Examining the Skillsets of PGA Golfers From 2010-2020 and the Relationships to Scoring Average, Top Ten Finishes, and Seasonal Earnings

By Sam Marteka – Syracuse University ’21

Abstract

This research aims to analyze the changing landscape of how golfers on the PGA Tour perform and the statistical changes that occur over the career of these golfers. We then observe these statistical changes and evaluate the effect of these changes on seasonal earnings, top ten finishes, and scoring average over time using linear regression models. The dataset is from 2010 to 2020 and includes over 100 different cumulative statistics of every eligible PGA Tour golfer that played in a PGA Tour event during any season from 2010 to 2020.

Introduction

Compared to the four major North American sports, golf is relatively under-explored when it comes to data analytics. During the entirety of quarantine due to the worldwide coronavirus pandemic, I have been playing golf frequently and watching it on television, as it was the first sport to resurface.

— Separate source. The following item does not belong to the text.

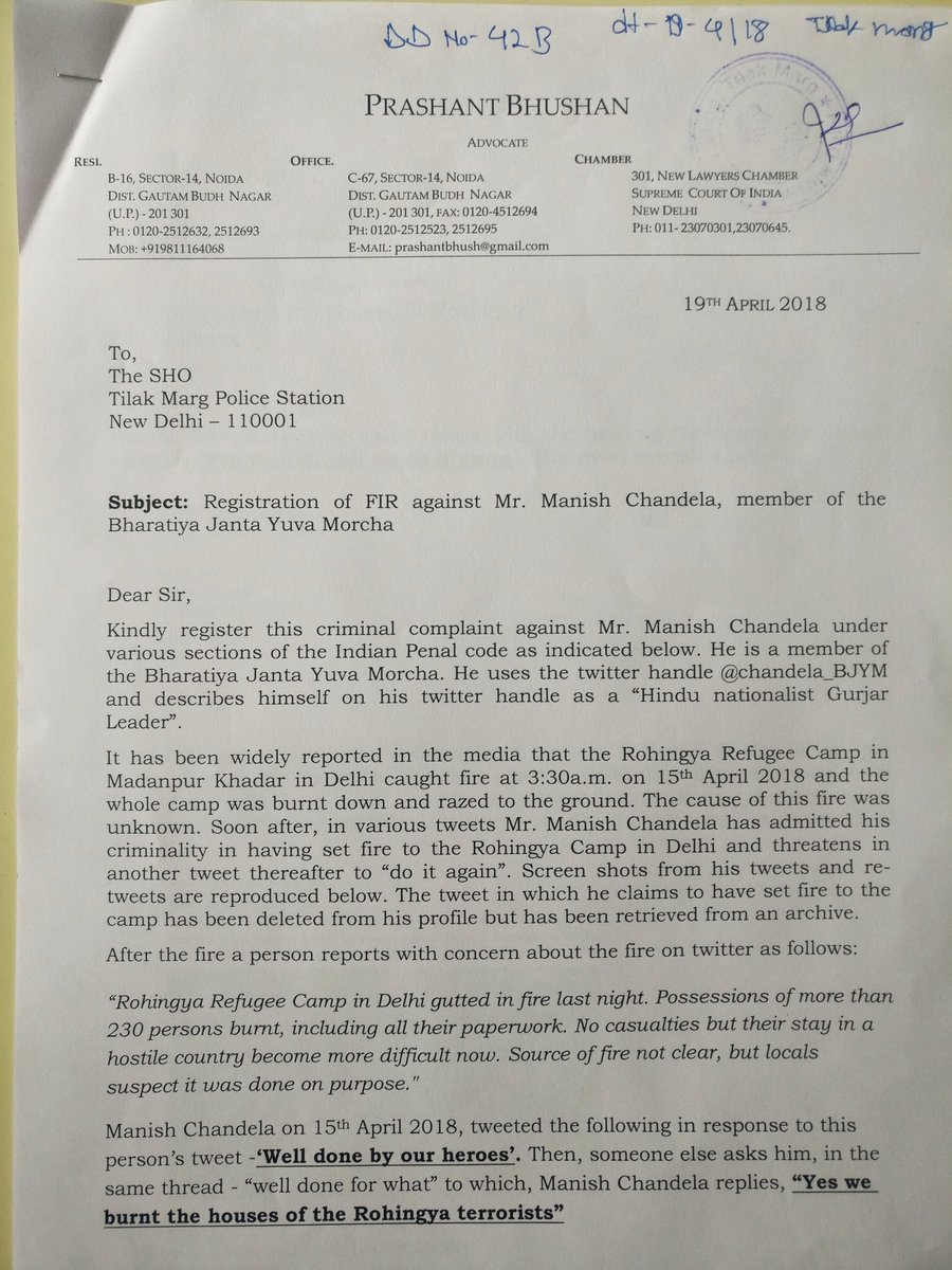 टाइम्स ऑफ इंडिया की रिपोर्ट के मुताबिक, वकील और एक्टिविस्ट प्रशांत भूषण ने शिकायत में कहा है, मनीष चंदेला भारतीय जनता युवा मोर्चा का सदस्य है और उसने अपने ट्वीटर पर कबूल किया है कि उसने मदनपुर खादर स्थित रोहिंग्या शरणार्थी शिविर में आग लगाई थी। आग लगने की यह घटना 15 अप्रैल को रात साढ़े तीन बजे की है जिसमें लगभग सभी झुग्गियां जल गई थीं। मनीष चंदेला ने ट्वीट में आग लगाने की बात कबूली है और फिर से एेसा करने की धमकी दी है।

I found a new passion for consuming golf both as leisure and as a fan of the PGA Tour. For my senior thesis, I wanted to explore a variety of topics that focuses on the performance of PGA golfers over time. Current superstar golfers like Bryson DeChambeau have revolutionized the game as he has built his game around driving the ball significantly farther than his competition. DeChambeau inspired me to further explore how the skillsets of successful golfers have changed over time and as I navigated this thesis, I was very interested on how different skills contributed to the success of golfers on three different levels: percent of top ten finishes, scoring average, and seasonal earnings.

Methodology

This project required a multitude of analytical skills that I have learned over the last four years as a student at SU. The first steps in this process was utilizing my web scraping skills using the Python coding language with packages Beautiful Soup and Selenium. I was able to create a Python script that loaded in PGA Tour links for each statistic on the website from every year from 2010-2020. I then used the Pandas package in Python to wrangle each dataset with a different statistic into a massive dataset that contained every stat and year combination. I ended up with over 300,000 observations in the dataset, which was then exported to R where additional data wrangling and cleaning processes could be performed to prepare the data for linear modeling. Once the data was cleaned, I created multiple additional data frames in R which filtered the data by year or a group of years. Then, I ran linear regression models with three dependent variables: scoring average, seasonal earnings, and top ten finish percent. I used various year intervals to see if there were significant changes that occurred with player skillsets over different periods of time within the range of 2010 and 2020.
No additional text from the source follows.